The total was more than the FactSet estimate of 10.9 million.

Along with the slight decline in openings came a decrease in quits, or workers voluntarily leaving their jobs. The so-called Great Resignation ebbed for the month, with quits declining to 4.25 million, a drop of 3.4% and the lowest number since October. As a share of the labor force, the quits rate declined to 2.8% from 3% the previous two months.

Federal Reserve officials watch the JOLTS report for signs of labor slack. With the jobless rate at 3.8%, policymakers feel the economy is near full employment. Coupled with inflation running at 7.5%, the robust jobs market has set the stage for an expected series of Fed interest rate increases this year.

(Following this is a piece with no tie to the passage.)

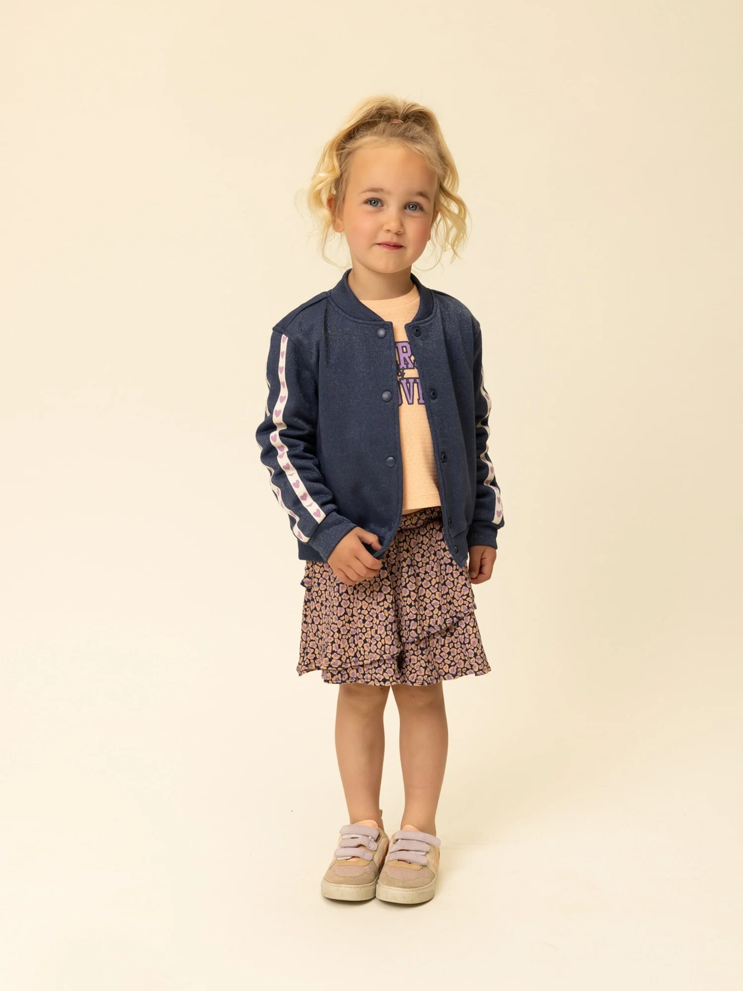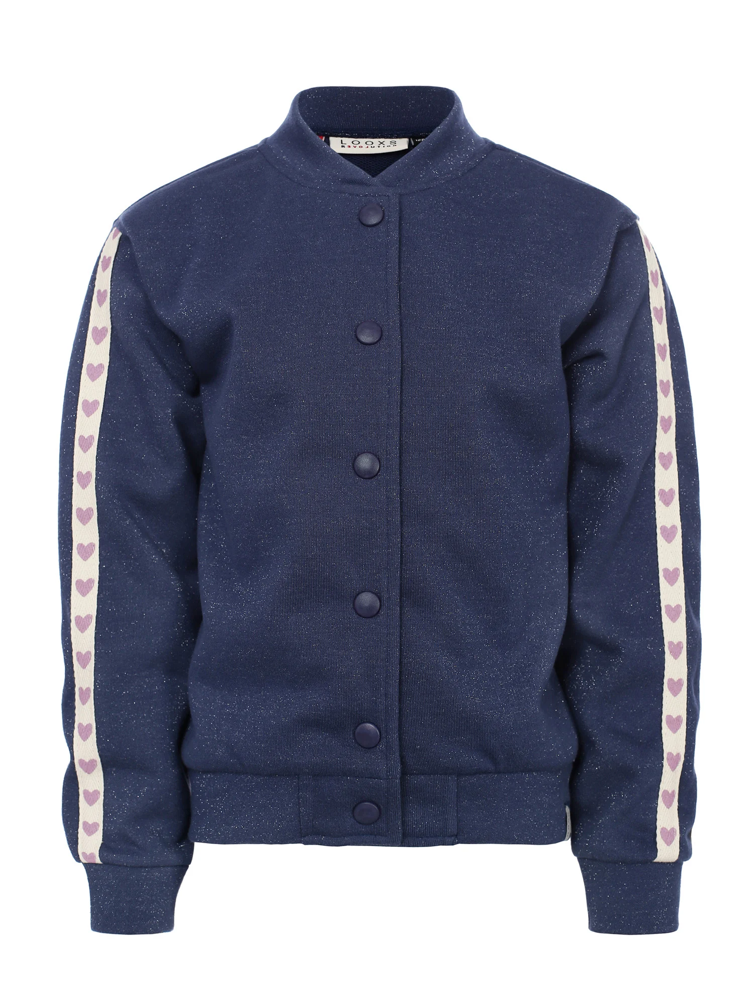 Het kinderkleding vest sluit met handige drukkers aan de voorkant en heeft een ronde hals, normale lengte en een normal tot loose fit pasvorm. De mouwen zijn afgewerkt met een fancy hartjes tape, wat zorgt voor een speelse en girly touch. Op de achterkant zit een opvallend borduur artwork met de tekst “University of Love”, waarmee dit Looxs Little vest echt opvalt.

Revised figures the Labor Department released along with Wednesday’s report showed that last year’s jobs market had considerably more openings than initially reported. December’s count alone was revised higher by 523,000, part of aggregate changes that took the yearly totals up by nearly 1 million. The revisions also brought quits higher by 442,000.

At the industry level, manufacturing saw a big gain in job openings, rising by 109,000 and taking the openings rate by by 0.8 percentage point.

The closely watched leisure and hospitality industry saw a considerable decline for the month, falling by 314,000 or 1.8 percentage points.

The JOLTS report runs a month behind the department’s nonfarm payrolls count. The February payrolls report showed the unemployment level fell further, to 6.27 million. Companies have struggled with a severe labor shortage, though total payroll numbers continue to get closer to their pre-pandemic levels as more jobs are filled.

For February, payrolls increased by 678,000, getting total employment to within 1.1 million of its February 2020 level.